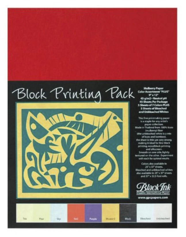 Black Ink Block Printing Paper measuring 9 x 12 inches is smooth on one side and lightly textured on the other. Paper made from 100% mulberry fiber is thin, yet strong is ideal for lino block printing, woodblock printing and silkscreen. Fine printmaking sheets with a neutral pH sold as 4 per pack with 5 sheets of 7 colors that includes tea, pear, sky, red, purple, mustard, black, 5 sheets each of bleached and unbleached white.
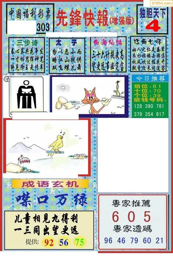 25年303期一点通全版彩报图
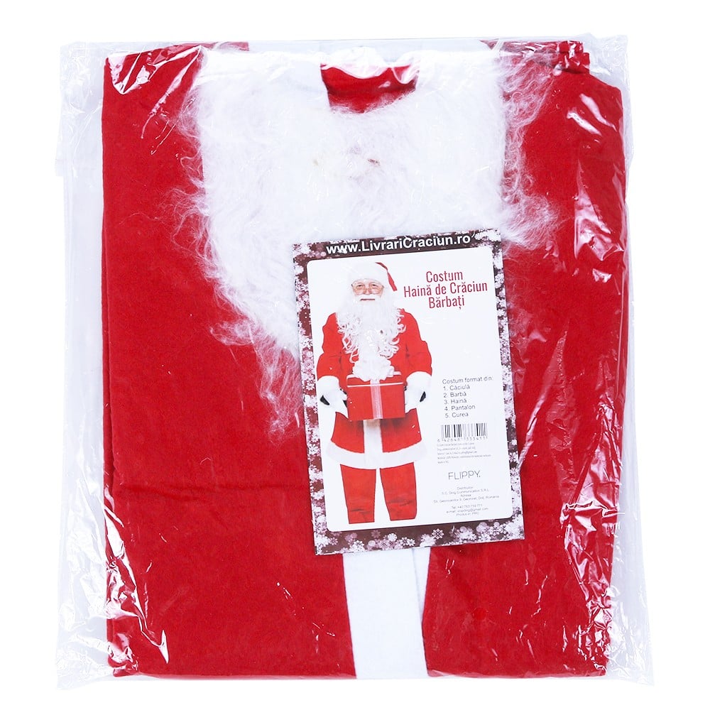 Flippy va propune: Costum Craciun Barbati, Flippy, Mos Craciun, rosu, 100% Poliester, compus din 5 piese : caciulita, barba, curea, pantaloni, haina.

****************************************

Work order: Write out all the material verbatim, images excluded.

The completed task:
 Black Ink Block Printing Paper measuring 9 x 12 inches is smooth on one side and lightly textured on the other. Paper made from 100% mulberry fiber is thin, yet strong is ideal for lino block printing, woodblock printing and silkscreen. Fine printmaking sheets with a neutral pH sold as 4 per pack with 5 sheets of 7 colors that includes tea, pear, sky, red, purple, mustard, black, 5 sheets each of bleached and unbleached white.
 25年303期一点通全版彩报图
 Flippy va propune: Costum Craciun Barbati, Flippy, Mos Craciun, rosu, 100% Poliester, compus din 5 piese : caciulita, barba, curea, pantaloni, haina.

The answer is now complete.